Do you have any Rennies or other indigestion remedies, that can help a lot with the nausea.
I can only tell you what worked for me - mostly counselling, but while I was waiting I
-tried my best to eat and sleep at normal times, drinking water when I remembered. A lot of stuff can be amplified by dehydration/hunger and tiredness. I know you have a little baby which obviously makes it so much harder!
-I stayed away from anything negative. Sad new stories, miserable music, pessimistic people. I only read and watched and listened to upbeat stuff, things that had happy memories or made me smile.
- I tried to relax for at least two minutes a day. Lying down, flat in my back, eyes closed, mind empty, breathing deeply in through the nose and out through the mouth.
-I used a tens machine to boost levels of endorphins in my blood
-I played a lot of ipad games, simple immersive ones that passed the time fast.
-I let myself cry/shout etc be really negative when I needed to' I bottled it all up bcuse i felt i had to pretend to be happy all the time and usually let it out every six months in a big cry/wail fest, but by allowing myself to be sad I got past those feelings pretty quickly. A weep can sometimes be hugely therapeutic.

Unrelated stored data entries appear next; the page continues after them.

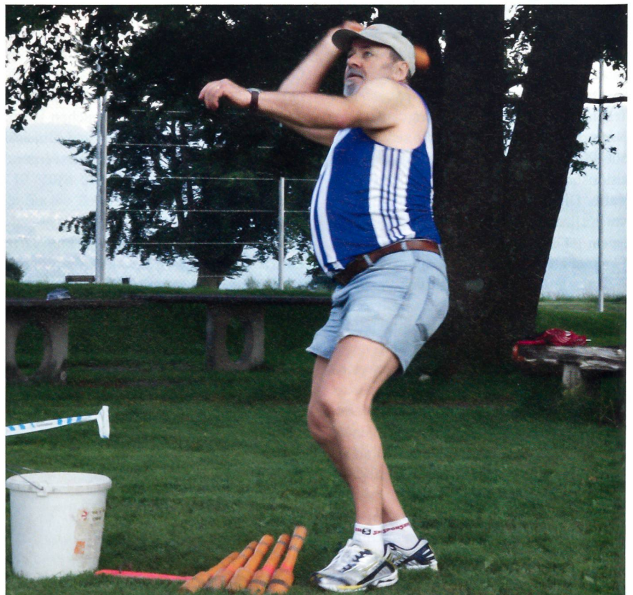
Konzentration und Präzision ist beim Zielwurf gefordert.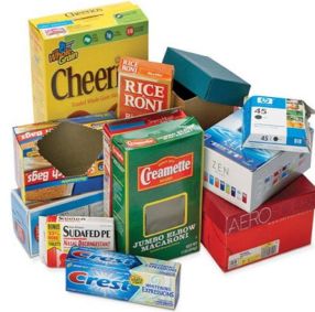
Cartón Nada recubierto en cera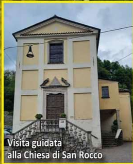
Visita guidata alla Chiesa di San Rocco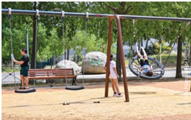
Aire de jeux accessible Georges Brassens

-I tried to fight the intrusive thoughts a bit. If I felt I HAD to do some thing I would resist as long as I could. I'd nd up doing it usually but I built up my resistance slowly. I called it my common sense stubborn voice and imagined myself sitting on the floor pouting with my arms crossed, shouting 'no!'. I had to reality check with DH a lot e.g
'Did I turn the stove off, I need to go and check?'
'You turned it off'
'No, no I didn't'
'You did. Anyway we would have smelt gas or burning by now, you last cooked three hours ago'
'Are you sure'
'Yes. Besides didn't you get a drink an hour or so ago, did you feel any heat?'
Etc.
I let him help me rationalise it and after a while I started to try and convince myself using his arguments.
Don't know if anything there helps, I still use all these things to cope now, but it so much easier. Last August is when I asked for help and I actually feel 'normal' now, something I never could have imagined before.